Any author who uses food metaphors in her/his writings is doomed to be remembered because these kind of metaphors appeal to our instincts. It works exactly like with the sense of smell, take, for example, "Perfume" of Patrick Suskind. When I was reading it I suddenly noticed that I was breathing deeply as if trying to absorb more flavor, sometimes I would hold my breath for a long time. My body will remember "Perfume" forever:)

Sunday, 21 October 2012

Isadora Duncan "My life"

She is a truly free person, partly thanks to her childhood. 

Her parents were divorced. Her mother taught music to provide for four children, i.e. during the days there were neither governesses nor educators, those who bring up children "fitting the society" as Isadora says. This does not mean that her mother was not involved in her children's education, on the contrary she played piano and read poetry to them in the evenings and that meant a lot to Isadora. So the formula of her formation was a lot of classical music, literature, absence of any authority which could have limited her, a bit of adventure and the sea ...

Isadora lives! Her courage and fidelity to herself are amazing. Her lifestory is worth reading to understand life is short and beautiful like a divine dance of Isadora Duncan.

Tuesday, 16 October 2012

Ariele Butaux "La Samourai"

The love story of a European girl and a Japanese young man was discussed in the last post.

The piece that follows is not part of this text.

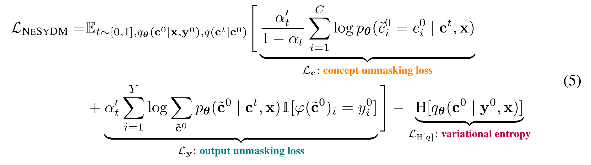 The concept unmasking loss is like the unmasking loss used in MDMs. Since we do not have access to the ground-truth concept , we sample it from the variational distribution and ask the model to reconstruct from a partially masked version .

The book of Ariele Butaux is about a Japanese woman and a European man.
Where does your love for yourselves end and your love for others begin?
A Japanese girl, Hisako, and a Frenchman, Eric, were joined by music that both worshiped. Eric is selfish and he is extremely ambitious. Charmed by Hisako's talent, he uses her in order to become a celebrity in musical arena. Hisako (more talented than Eric) sacrifices herself on the altar of devotion and art.

It is a duet of two opposites - West and East, ambition and sacrifice, selfishness and self-denial, and all this under piano accompaniment. 

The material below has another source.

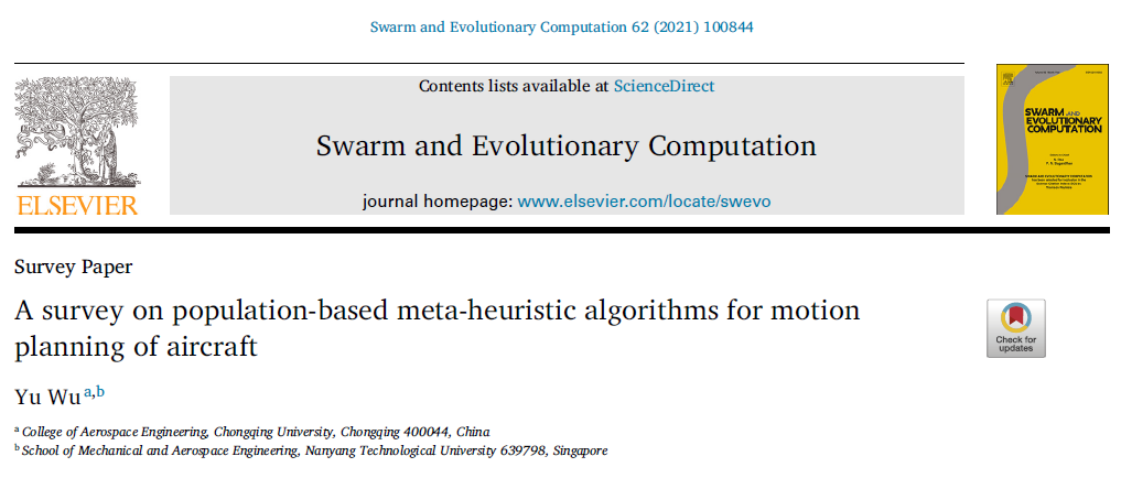 近日,海角网 青年教师吴宇在智能计算权威期刊《Swarm and Evolutionary Computation》(中科院分区计算机科学1区Top期刊,影响因子6.912)发表了题为“A survey on population-based meta-heuristic algorithms for motion planning of aircraft”的综述论文,吴宇老师为该论文的唯一作者。

Both, as a mirror, reflect each other. She is the embodiment of sacrifice, he is centered too much on himself. Both had an unhappy childhood - Eric is an ugly and unloved child, Hisako is a pawn in the game, an object of the fight of two moms. Initially, they build their union on rejection of lies. However the end of their marriage are the final words of Eric's  10-year-old son: "Once you started to lie, persist to the end. The truth hurts."

Both artists revel in success, but over time they start doubting - whether he/she did not destroy his/her life and talent by being in a duet? Both revel in each other, but small secrets appear, which they are afraid to admit even to themselves. The taste of freedom they need grows in the sea of deceit that destroys everything around. Both made sacrifices - he cannot be with his mistress and his own child, she does not have children and cannot pursuit a solo career. Unfortunately, the sacrifices were in vain, the purposes of their union is ghostly.

Since everything in this couple is extreme, the end of their relationship is also categorical. Eric pays his debt of honor by committing a suicide. Hisako follows him.

Thursday, 11 October 2012

Amelie Nothomb “Tokyo fiancée” and “Fear and trembling”

In the previous post I talked about Sei Shonagon, a Japanese court lady, who lived over a thousand years ago. I focused on her sense of Beauty. It seems this sacred attitude towards beauty is still strong in Japan.  One of my acquaintances while he was in Tokyo was invited by a Japanese family.  He was presented to all members of the family except the grandmother who preferred to stay in her room – she thought she was not beautiful enough to appear before a foreign guest. What a perfectionist country. My thoughts jumped from Beauty to Japan and I remembered few books about Japan written by a strange and talented writer.
Tokyo fiancée” and “Fear and trembling” are two episodes of Amelie Nothomb’s life in Japan. I strongly recommend reading these two books one after another. The books could have been called “White” and “Black” as they demonstrate love and hate faces of modern Japan.

After graduating from the University in Brussels young Amelie (Belgian writer) returns to Japan where she spent her childhood (she is a daughter of a Belgian diplomat). Amelie is in love with the country and she is determined to stay there. She gets a job in the famous Japanese corporation....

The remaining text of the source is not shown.